The guardrail caught it. Or rather, the guardrail primed me to catch it. Because the CLAUDE.md says “assume every validation check has a regulatory reason,” I was specifically scanning the diff for weakened validations. Without that rule, I might have approved the removal as a sensible cleanup. The rule is not a cage for the agent. It is a checklist for me.
That is the honest truth about guardrails in AI-assisted development right now. They are not enforceable in the way that a type system is enforceable. They are conventions that increase the probability that a human catches a mistake before it ships. The layered permission model (CLAUDE.md rules for domain constraints, settings.json for operational permissions) shifts the default from “the agent can do anything unless something stops it” to “the agent can do a defined set of things and must ask about everything else.” That inversion of defaults is the most important architectural decision in my entire setup.
What I Am Not Doing
I want to be honest about where I draw the line, because overselling this setup would undermine everything I have written.

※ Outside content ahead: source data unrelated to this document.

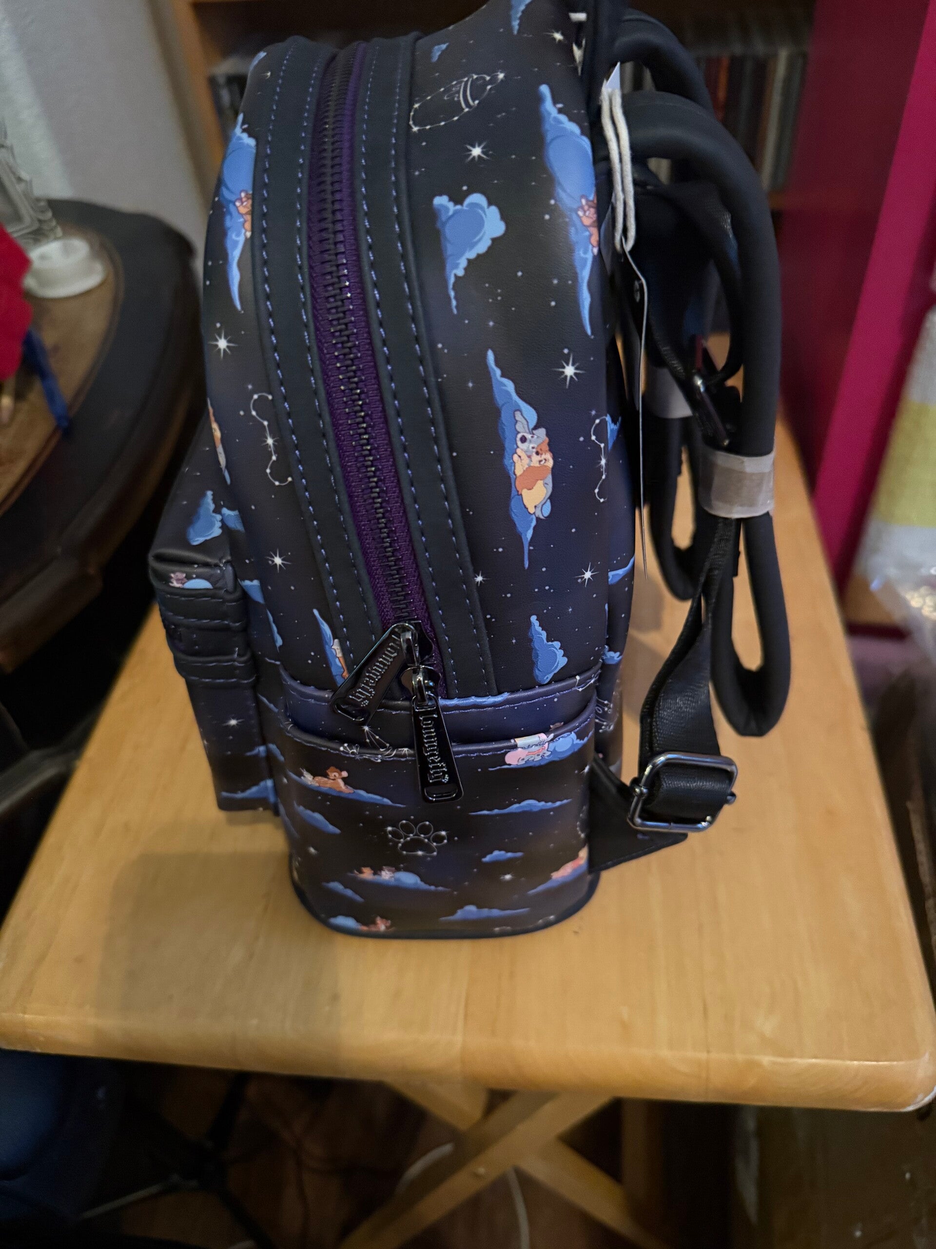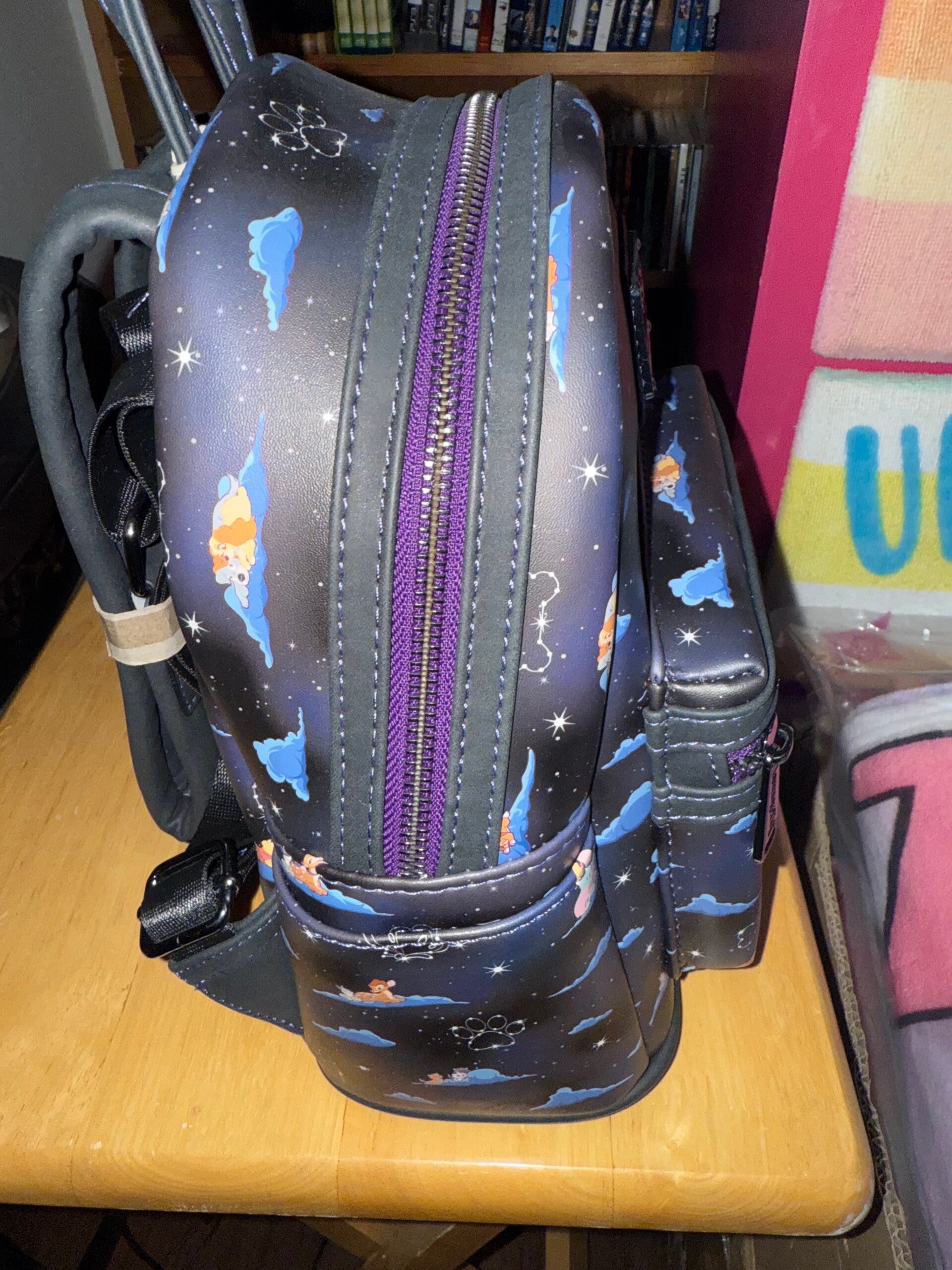 This officially licensed Disney bag features a dark, starry night sky with blue clouds and classic Disney characters from various movies (including Bambi, Dumbo, The Aristocats, Winnie the Pooh, and The Fox and the Hound) looking at constellations.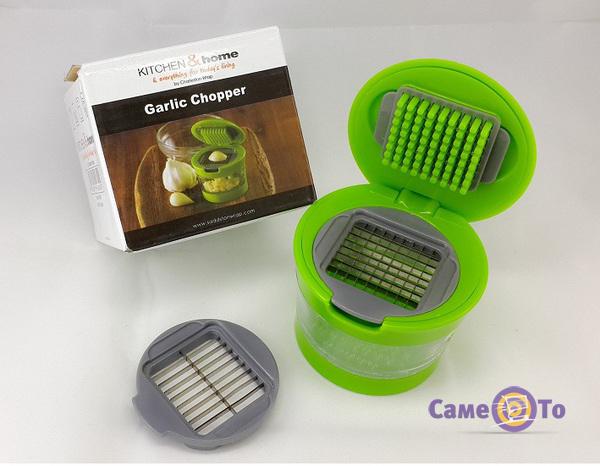 Незалежно від того, яку кількість часнику потрібно подрібнити - пару зубчиків або цілу купу продукту, потрібен вам дрібний помел або більші шматочки - всі ці завдання з легкістю допоможе вирішити це зручне пристосування. Важлива перевага Гарлік Чоппер полягає ще й в тому, що він впорається не тільки з часником, але також з цибулею, яйцями, маленькою картоплею і безліччю інших продуктів. Тепер будь-який салат можна приготувати за лічені хвилини, при цьому руки будуть чистими, а часточки або шматочки однакового розміру. Цей компактний подрібнювач - надійний помічник, який не займе багато місця в кухонному приміщенні і простий у догляді. Мити його можна як руками, так і в автоматичній посудомийці. Корпус виконаний з якісного і міцного пластику, а два змінних леза в комплекті дозволять продовжити термін служби на тривалий період часу.
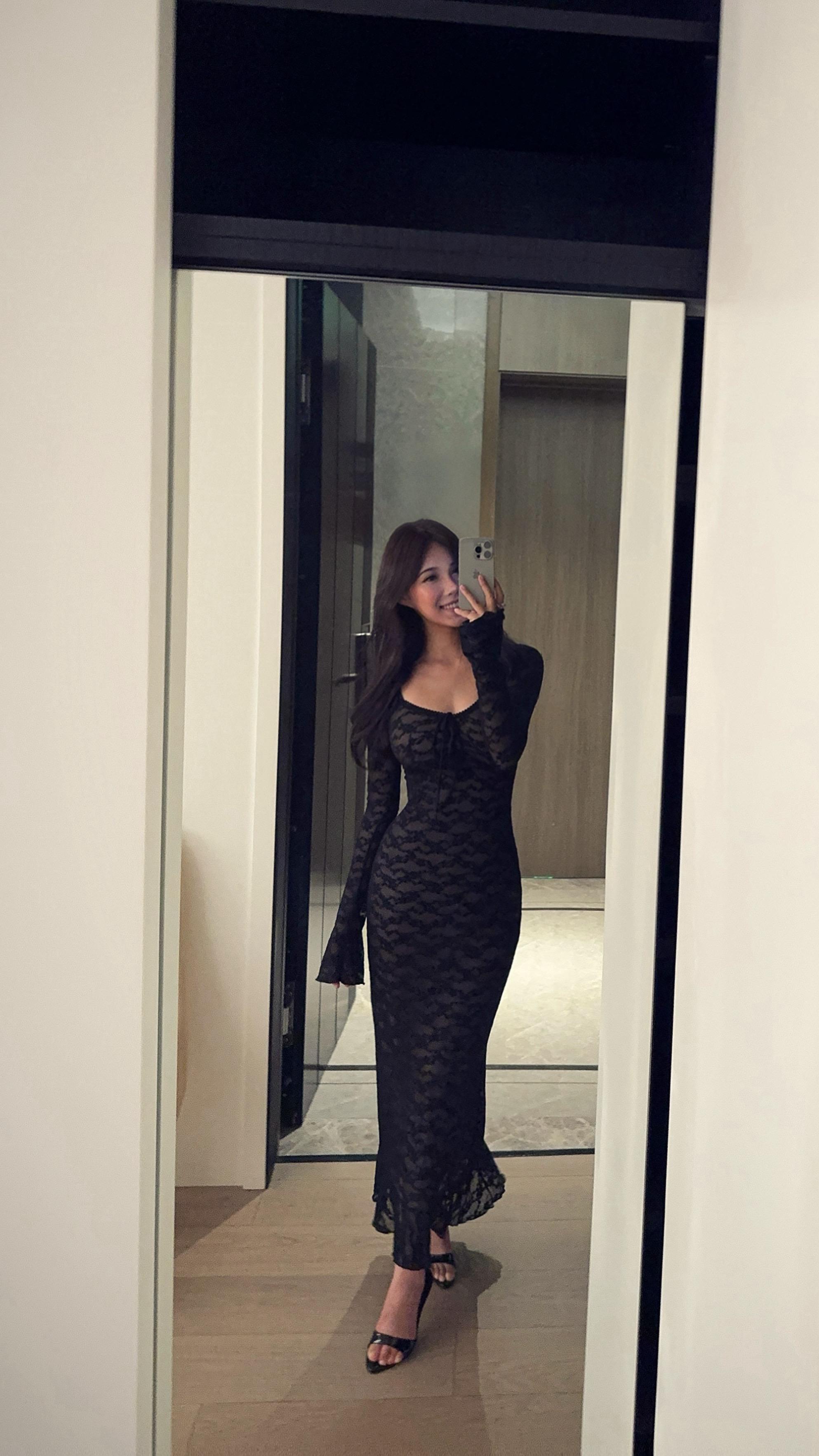 这位女士的穿搭展现了优雅与性感的完美平衡。她身着一件蓝色蕾丝拼接连衣裙,上半身采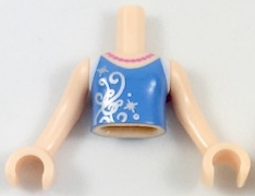 Torso Mini Doll Girl Dark Pink Pearls, Medium Blue Top, White Straps, Silver Filigree Pattern, Light Nougat Arms with Hands (Cinderella)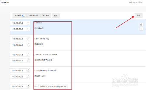 6.点窜错误的字幕,确认无误后点击导出即可。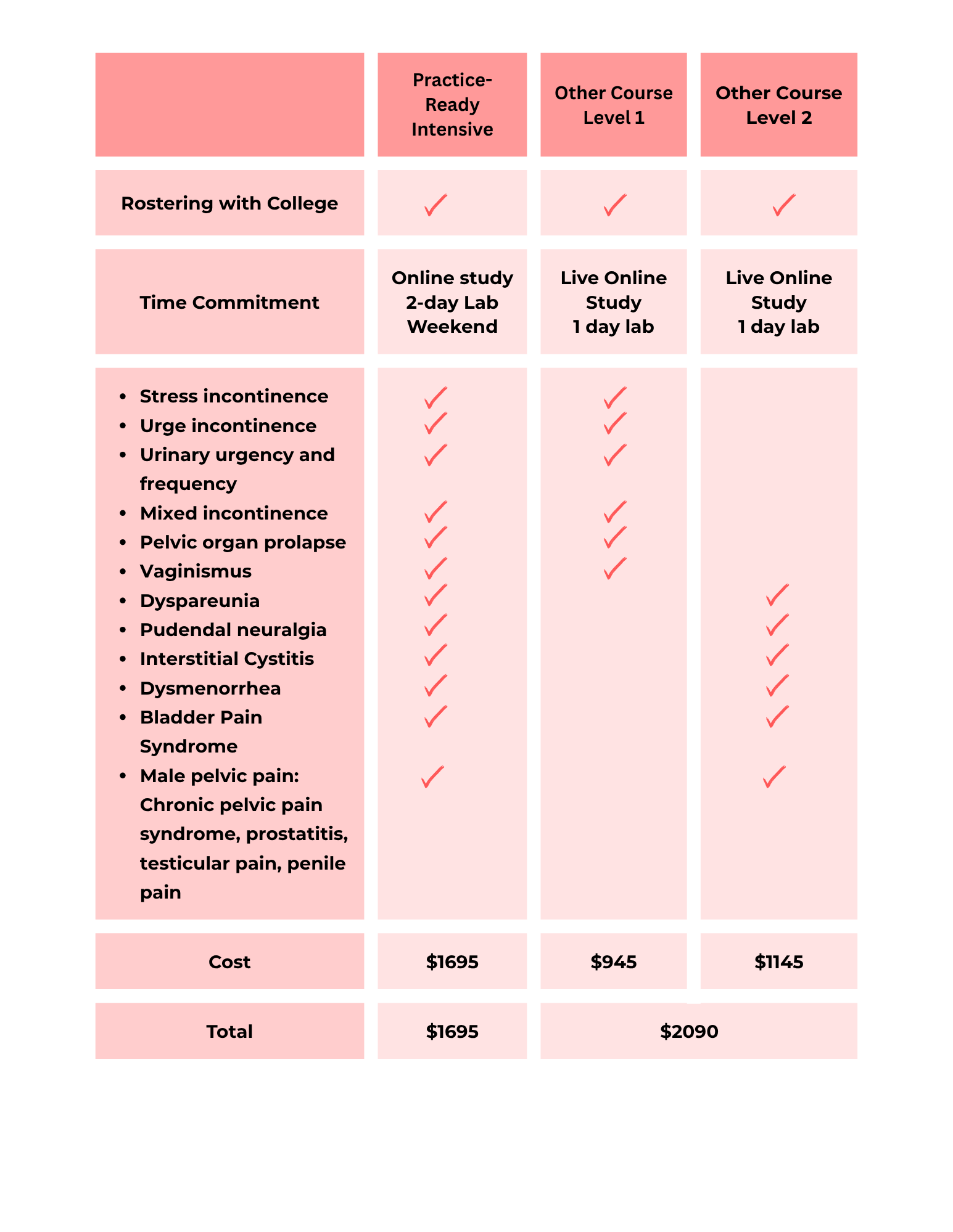 Many pelvic health programs require clinicians to complete multiple levels before feeling clinically prepared. This course combines the key foundational material typically covered in Level 1 and Level 2 training, allowing you to build a strong clinical base in one structured program.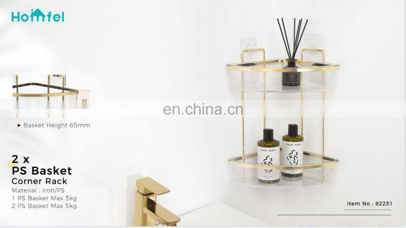 Home > Products > Shower Caddy > PS Corner Shower Caddy Wall Mounted Bathroom Basket Shelf Adhesive No Drilling Corner Shelf Rack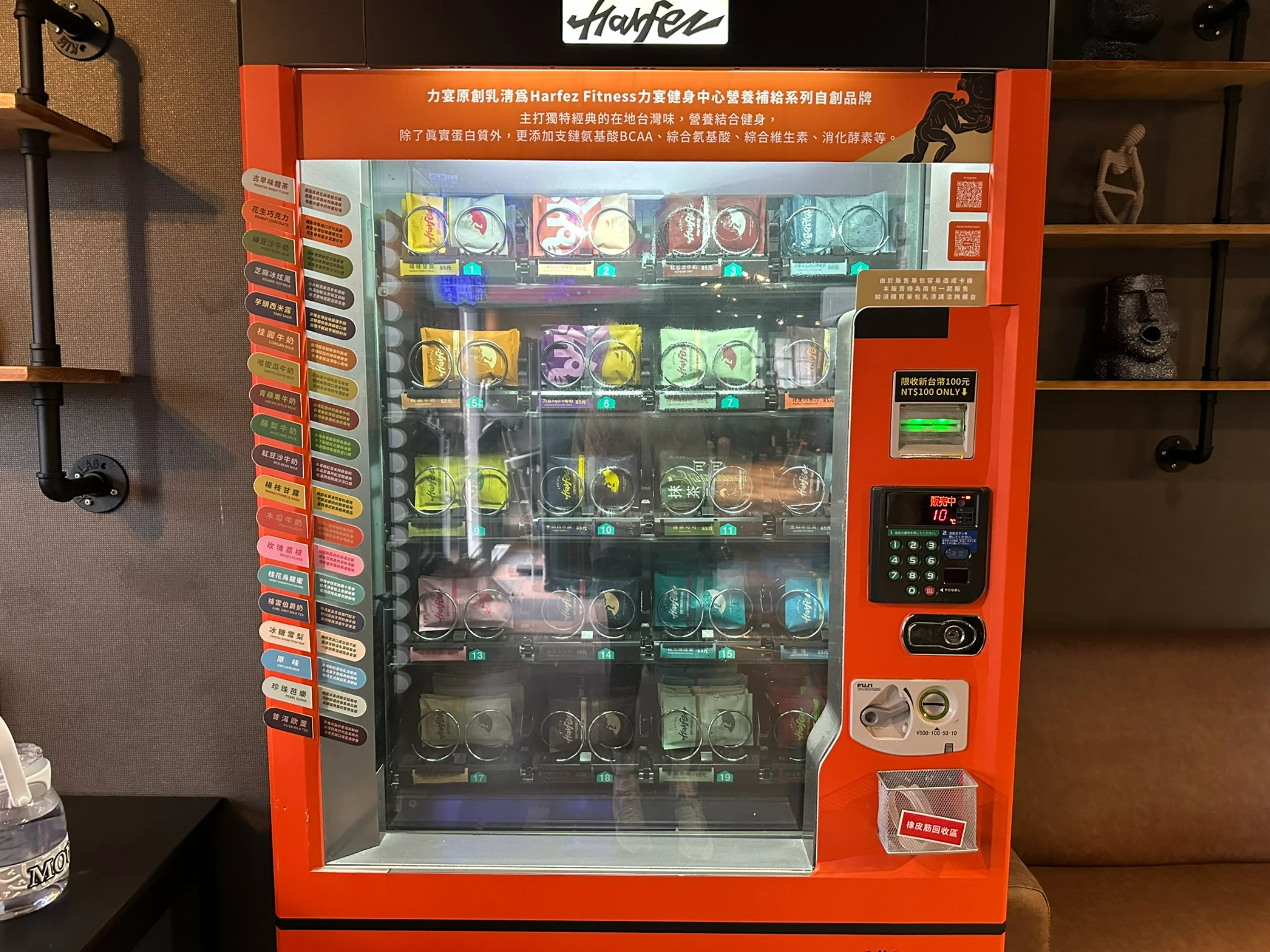 ▼靠近窗戶的位置設有一台販賣機,裡面販售多樣化口味的蛋白飲,選擇相當豐富,這是力宴自健身中心自創品牌「Harfez Protein 力宴原創乳清蛋白」,主打獨特經典的台灣口味,可以依照當天的喜好挑選自己想喝的口味。

I do not use AI for architectural decisions. The agent can implement a design. It does not choose the design. Decisions about service boundaries, data models, integration patterns, and domain abstractions happen in conversations with other engineers, informed by regulatory requirements the agent does not understand. Claude Desktop is useful for thinking through options in these conversations. But the decision is human.
I do not use AI for production incident response. When something breaks, the priority is speed and containment. I do not have time to frame the problem for an agent. I need to read logs, check metrics, and draw on the institutional knowledge in my head about how the system behaves under failure conditions. That knowledge is not in any CLAUDE.md file. It might never be.
I do not use AI to make review judgements. The agent prepares briefings for review (I delegate investigation to subagents that read the changes, summarise the intent, and flag modified validation rules or API contracts). But the judgement call, whether a change is architecturally sound, whether it respects the compliance constraints, whether it introduces subtle interaction effects, is mine.
These are not temporary limitations I expect to outgrow as the models improve. These are categories of work where human judgement is the product. Delegating them would not save time. It would create risk.
The Philosophy, If You Want One
Here is the shortest version of what I believe about AI-assisted engineering in 2026, distilled from a year of using these tools on software that carries regulatory consequences:
The agent is fast. You are right. Use the speed for the things where speed helps: implementation, refactoring, test generation, boilerplate. Do not use it for the things where speed is irrelevant or actively dangerous: architecture, incident response, compliance reasoning, the decision about whether the thing should be built at all.
The agent is confident. It will always produce output. It will never tell you it does not know enough to do the task safely. That confidence is the feature and the risk. Your job is to build the structure (CLAUDE.md files, permission boundaries, scope control, review discipline) that channels the confidence toward useful work and catches it when it wanders.
The agent is amnesiac. It does not remember the last session. It does not know what happened in production last week. It does not carry the institutional knowledge that makes you a senior engineer. Every session is day one. The CLAUDE.md files are your attempt to compress years of context into a few hundred tokens. They will always be incomplete. Knowing what they miss is as important as knowing what they contain.
None of this is going to be in the marketing material. But it is what the workflow actually looks like when the code matters.